In terms of duty, the Church believes that there is a collective responsibility at stake:  the individual, the community, the Church, and the State each have a hand in protecting the Common Good and are, accordingly, called to safeguard the right of each human person to religious liberty. Not only do they all share the responsibility to safeguard that right, they also have a responsibility – the Church says – to  cultivate an environment wherein the religious life will bear the fruits of justice and peace.

How do you see the tenets of this campaign playing out?

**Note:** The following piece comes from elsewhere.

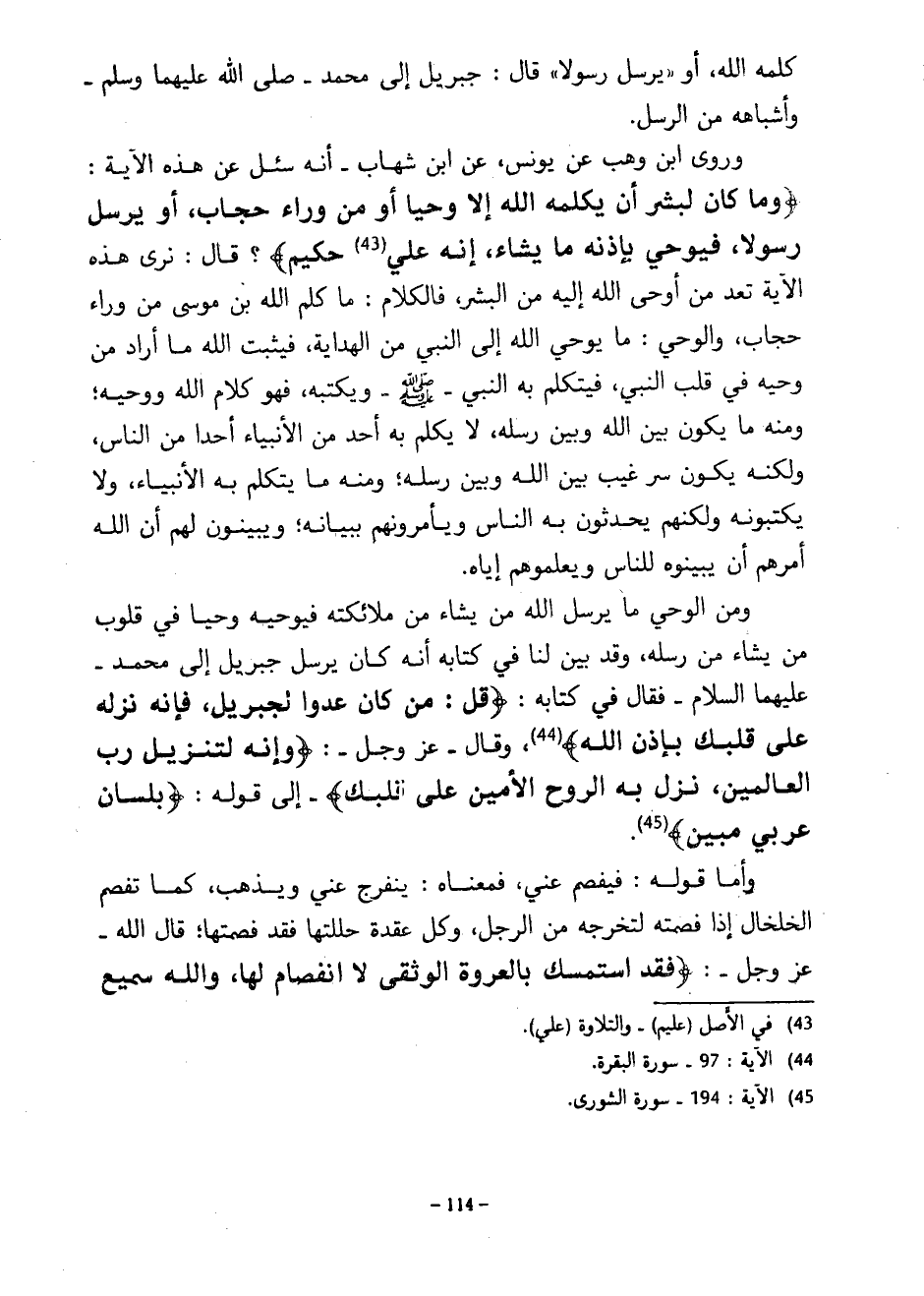 كَلَّمَهُ اللَّهُ أَوْ يُرْسِلَ رَسُولًا قَالَ جِبْرِيلُ إِلَى مُحَمَّدٍ صَلَّى اللَّهُ عَلَيْهِمَا وَسَلَّمَ وَأَشْبَاهِهِ مِنَ الرُّسُلِ وَرَوَى ابْنُ وَهْبٍ عَنْ يُونُسَ عَنِ ابْنِ شِهَابٍ أَنَّهُ سُئِلَ عَنْ هَذِهِ الْآيَةِ وَمَا كَانَ لِبَشَرٍ أَنْ يُكَلِّمَهُ اللَّهُ إِلَّا وَحْيًا أَوْ مِنْ وَرَاءِ حِجَابٍ أَوْ يُرْسِلَ رَسُولًا فَيُوحِيَ بِإِذْنِهِ مَا يَشَاءُ إِنَّهُ عَلِيٌّ حَكِيمٌ قَالَ نَرَى هَذِهِ الْآيَةَ تَعُدُّ مَنْ أَوْحَى اللَّهُ إِلَيْهِ مِنَ الْبَشَرِ فَالْكَلَامُ ما كلم الله بن مُوسَى مِنْ وَرَاءِ حِجَابٍ وَالْوَحْيُ مَا يُوحِي اللَّهُ إِلَى النَّبِيِّ مِنِ الْهِدَايَةِ فَيُثَبِّتُ اللَّهُ مَا أَرَادَ مِنْ وَحْيِهِ فِي قَلْبِ النَّبِيِّ فَيَتَكَلَّمُ بِهِ النَّبِيُّ صَلَّى اللَّهُ عَلَيْهِ وَسَلَّمَ وَيَكْتُبُهُ فَهُوَ كَلَامُ اللَّهِ وَوَحْيُهُ وَمِنْهُ مَا يكون بين الله وبين رسله ومنه لَا يُكَلِّمُ بِهِ أَحَدٌ مِنَ الْأَنْبِيَاءِ أَحَدًا مِنَ النَّاسِ وَلَكِنَّهُ يَكُونُ سِرٌّ غَيْبٌ بَيْنَ اللَّهِ وَبَيْنَ رُسُلِهِ وَمِنْهُ مَا يَتَكَلَّمُ بِهِ الْأَنْبِيَاءُ وَلَا يَكْتُبُونَهُ وَلَكِنَّهُمْ يُحَدِّثُونَ بِهِ النَّاسَ وَيَأْمُرُونَهُمْ بِبَيَانِهِ وَيُبَيِّنُونَ لَهُمْ أَنَّ اللَّهَ أَمَرَهُمْ أَنْ يُبَيِّنُوهُ لِلنَّاسِ وَيُعْلِمُوهُمْ إِيَّاهُ وَمِنَ الْوَحْيِ مَا يُرْسِلُ اللَّهُ مَنْ يَشَاءُ مِنْ مَلَائِكَتِهِ فَيُوحِيهِ وَحْيًا فِي قُلُوبِ مَنْ يَشَاءُ مِنْ رُسُلِهِ وَقَدْ بَيَّنَ لَنَا فِي كِتَابِهِ أَنَّهُ كَانَ يُرْسِلُ جِبْرِيلَ إِلَى مُحَمَّدٍ عَلَيْهِمَا السَّلَامُ فَقَالَ فِي كِتَابِهِ قُلْ مَنْ كَانَ عَدُوًّا لِجِبْرِيلَ فَإِنَّهُ نَزَّلَهُ عَلَى قَلْبِكَ بِإِذْنِ اللَّهِ وَقَالَ عَزَّ وَجَلَّ وَإِنَّهُ لَتَنْزِيلُ رَبِّ الْعَالَمِينَ نَزَلَ بِهِ الرُّوحُ الْأَمِينُ عَلَى قَلْبِكَ إِلَى قَوْلِهِ بِلِسَانٍ عَرَبِيٍّ مُبِينٍ وَأَمَّا قَوْلُهُ فَيَفْصِمُ عَنِّي فَمَعْنَاهُ يَنْفَرِجُ عَنِّي وَيَذْهَبُ كَمَا تَفْصِمُ الْخَلْخَالَ إِذَا فَصَمْتَهُ لِتُخْرِجَهُ مِنَ الرِّجْلِ وَكُلُّ عُقْدَةٍ حَلَلْتَهَا فَقَدْ فَصَمْتَهَا قَالَ اللَّهُ عَزَّ وَجَلَّ فَقَدِ اسْتَمْسَكَ بِالْعُرْوَةِ الْوُثْقَى لَا انْفِصَامَ لَهَا وَاللَّهُ سَمِيعٌ

It is, perhaps, not enough that we can talk about freedom and dignity, rights and duties. The real question is how to translate these ideas into action.
The Church is attentive when laws, policies, and/or regulations require citizens to act against their convictions or to cast aside their religious identities.  And, so, ecclesial authorities have begun engaging pastoral communities, informing parishioners – that is individual Catholics in the context of their communities – about the state-of-affairs, if you will, and echoing the teachings of the Church in regard to religious liberty. Active communities, as such, will come together and mull over what is happening, how the Church – and we as the Church – read what is happening, what we believe, and what this requires on part of our living a faith that is to be living, conscious, and active.

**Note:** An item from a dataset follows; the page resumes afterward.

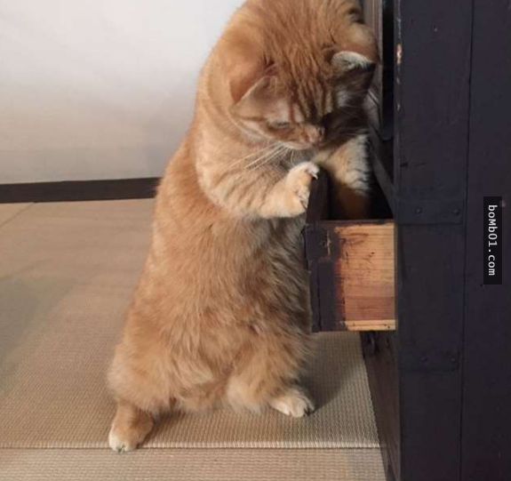 | Không ngờ một ngày đi làm về, anh thấy chú mèo cưng của mình đang thò tay lục tìm túi cá. |

Is there room for interpretation?

The Church is sometimes looked upon as being static, of disallowing exchange, and of discouraging constructive, critical engagement in the issues at hand. I am not sure how I would survive as a student and teacher of the Catholic tradition if the Church disdained the very gifts we believe to be from God: intellect and free will are indispensable for the formation of conscience. My experience in the Church has been exceedingly stimulating. It has been, for me, all about study, exchange, debate, and the commitment to social justice. In this case, we do not simply discuss how the Act might challenge the Church’s teaching on sexual ethics, the body, or health, but how the conversation has much broader reach. In this way, religious liberty must also be discussed in light of other important contexts, like immigration, for instance.
The process is less mechanical, less robotic than some might imagine. We do not see here an imperative from the ecclesial authorities commanding Christians to unite and protest against something of which they may know little; mobilization first requires an engagement of those gifts – free will and intellect – that the Church believes to be God-given. Conviction grounds action, I think.

Is it possible to find common ground?

Religious liberty for all is what the Church is saying. The human person is a relational being and, so, the Church properly situates the individual in the context of community when addressing these issues. The US bishops remind us that this is not simply a Catholic issue, or a Jewish issue, or a Muslim issue, or the issue of any other religious group. It is an issue that binds us as a people living in this country in this age.
The crux is whether religious liberty can be safeguarded while maintaining the integrity of the community itself.